In a new paper published in the Astronomical Journal, astronomers from the United States, Canada and Europe provide a detailed characterization of the physical properties and orbital evolution of the asteroid 2020 CD3 — Earth’s second discovered temporary natural satellite, or minimoon. Their results prove that 2020 CD3 is a natural body and not some relic piece of human-made space junk.
This image, taken with the 8-m Gemini North telescope on Hawaii’s Maunakea, shows Earth’s minimoon 2020 CD3 (center, point source). The image combines three images each obtained using different filters to produce this color composite. Image credit: International Gemini Observatory / NOIRLab / NSF / AURA / G. Fedorets.
Asteroids and comets can be temporarily captured by planets as natural satellites.

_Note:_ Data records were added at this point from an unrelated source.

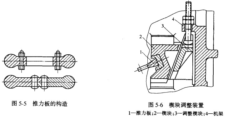 (2)墊片調整裝置。如圖5-7所示,在后推力板1的支承座2后面放入一組厚度相同的墊片3,改變墊片的數量,即可達到調整徘礦口大小的目的。在調整排礦口時,要先特螺帽4及拉桿彈簧螺帽5松開,然后增加或減少墊片的數目,待排礦口調整好后,再將螺帽4上緊,并調整彈簧上的螺帽5。用此法可以達到多級調整,調整時也比較方便,同時可以使機器結構緊湊和質量減小。但調整時必須停車。這種方法常用在大、中型碎礦機上。
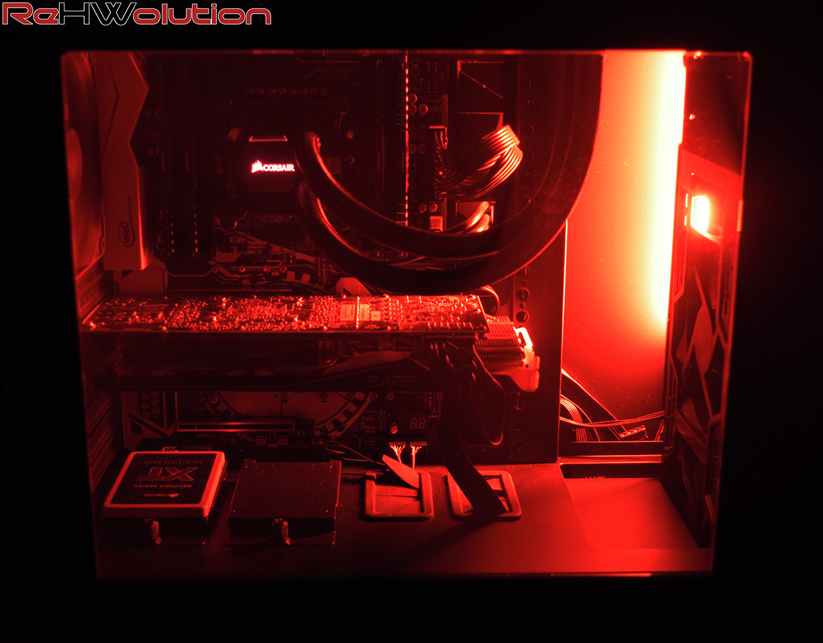 La cover frontale migliora l’insonorizzazione del case, il bracket superiore facilita l’utilizzo di sistemi di dissipazione AIO (o di “nascondere” le ventole, rendendo l’interno del case più pulito), la finestra trasparente (con fascia oscurata per il vano PSU) permette di guardare tutto l’hardware montato nel PC, con la barra a LED rossi che ne vivacizza l’estetica.
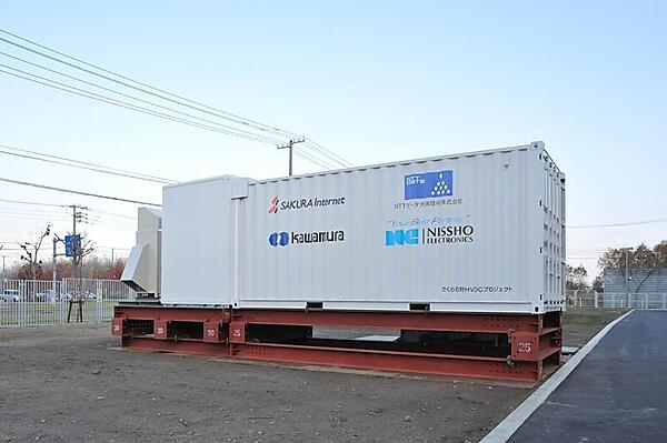 建物の外に置かれたコンテナ型データセンターでは、NTTデータ先端技術、河村電器産業、日商エレクトロニクスと合同でHVDC給電システムの実証実験を行っている。電流の直交変換の回数を減らし、LED照明を利用するなど、通常は60〜80%となってしまう電力効率を90%以上にできるという。よい結果が出れば、まだラックの入っていないゾーンで採用の可能性も。そうすればさらにエネルギー効率が向上する。

Theoretical models predict that the Earth is also surrounded by a cloud of such temporarily captured asteroids, colloquially called minimoons.

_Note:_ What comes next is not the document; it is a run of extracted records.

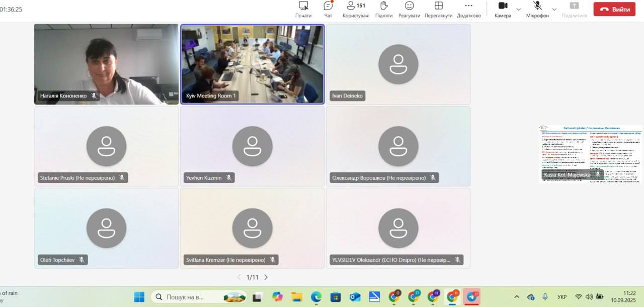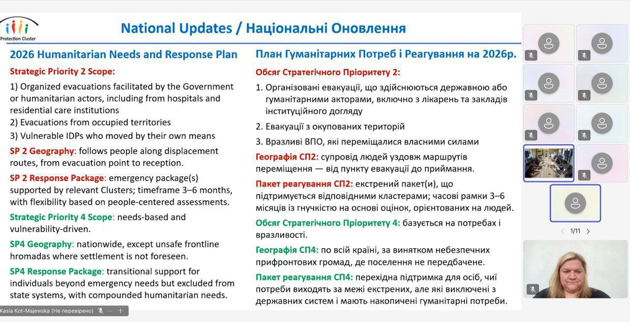 Також розглядали питання щодо стратегічних оновлень Національного Кластера захисту та партнерів, план гуманітарних потреб та реагування та розподіл коштів Гуманітарного фонду для України, оновлення даних щодо транзитних центрів та місць колективного проживання (CCCM).
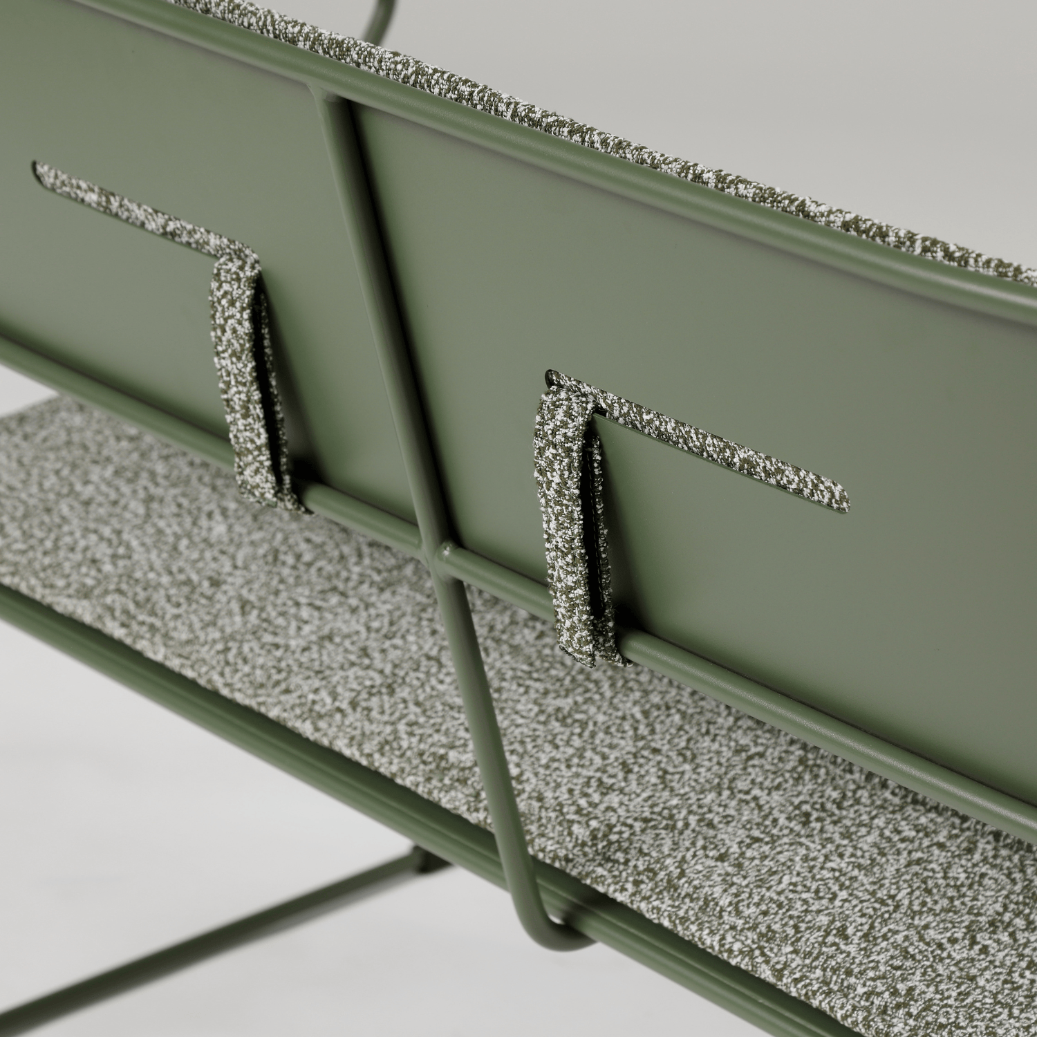 The Parco Outdoor 2 Seat Lounge combines contemporary design with exceptional comfort. Upholstered in soft boucle fabric, this sophisticated seating piece brings warmth and texture to your outdoor entertaining space. The generous two-seat configuration offers ample room for relaxation, while the olive tone complements modern and traditional landscapes alike. An optional boucle cushion elevates comfort and adds an extra layer of refined style to your garden or patio setting.
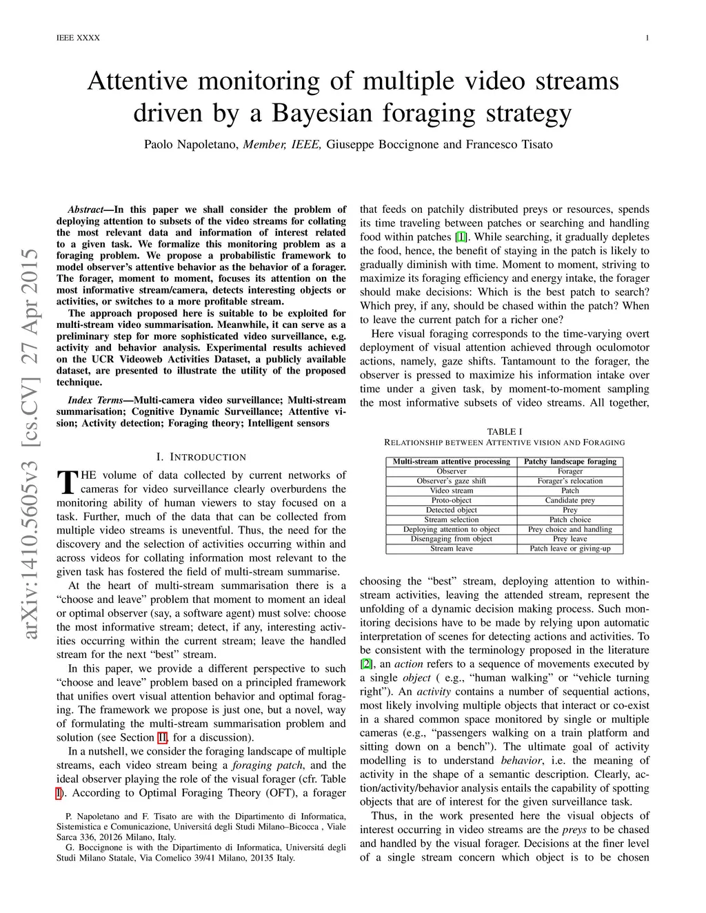 In this paper we shall consider the problem of deploying attention to subsets of the video streams for collating the most relevant data and information of interest related to a given task. We formalize this monitoring problem as a foraging problem. We propose a probabilistic framework to model observer's attentive behavior as the behavior of a forager. The forager, moment to moment, focuses its attention on the most informative stream/camera, detects interesting objects or activities, or switches to a more profitable stream. The approach proposed here is suitable to be exploited for multi-stream video summarization. Meanwhile, it can serve as a preliminary step for more sophisticated video surveillance, e.g. activity and behavior analysis. Experimental results achieved on the UCR Videoweb Activities Dataset, a publicly available dataset, are presented to illustrate the utility of the proposed technique.
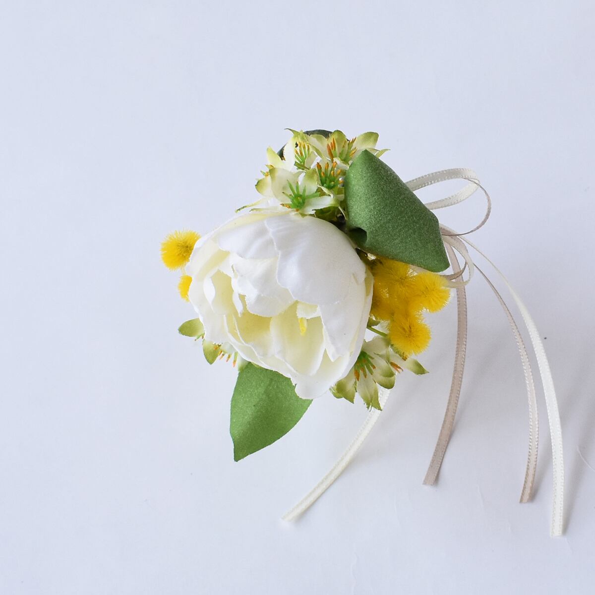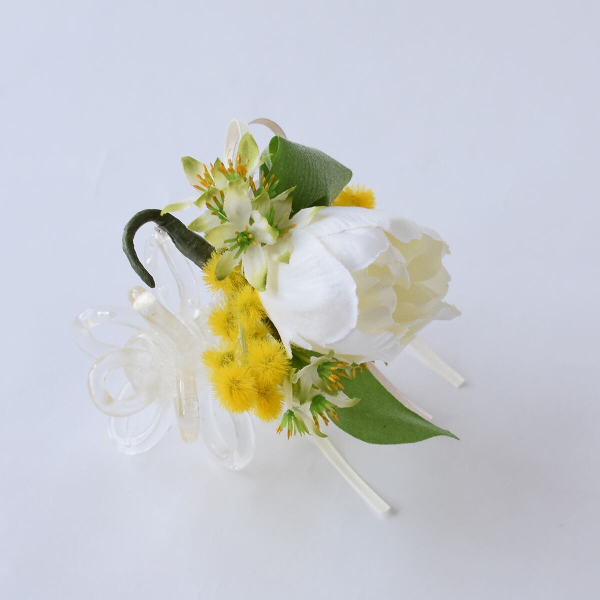 花 アクセ アクセサリー チューリップ ミモザ コサージュ ホワイト 卒業式 入学式 人気 大人 シック 白 黄色 イエロー 小ぶり プレゼント 実用的

Minimoons possess a number of attributes which make them objects of particular interest.
As they spend an extended amount of time in the vicinity of the Earth, they can provide several windows of opportunity to obtain observations of the little studied population of meter-class asteroids.
Due to their relatively long capture duration, accessibility, and small size, minimoons are viable targets for taking the first practical steps in the emerging field of asteroid resource utilization.
Until 2020, only one minimoon had been discovered — 2006 RH120, a tiny near-Earth asteroid with a diameter of approximately 2-3 m (6.6-9.8 feet).
The second known minimoon, 2020 CD3, was discovered on February 15, 2020 by the Catalina Sky Survey 1.5-m telescope on Mt. Lemmon.
One day later, an alert automatically sent out by NASA’s Scout system announced that it was likely temporarily captured in the Earth-Moon system.
Discovering an object on a geocentric orbit always raises suspicion of an artificial origin, but during the 2.5 weeks following its discovery 2020 CD3 could not be linked to any known artificial object nor could a natural origin be ruled out.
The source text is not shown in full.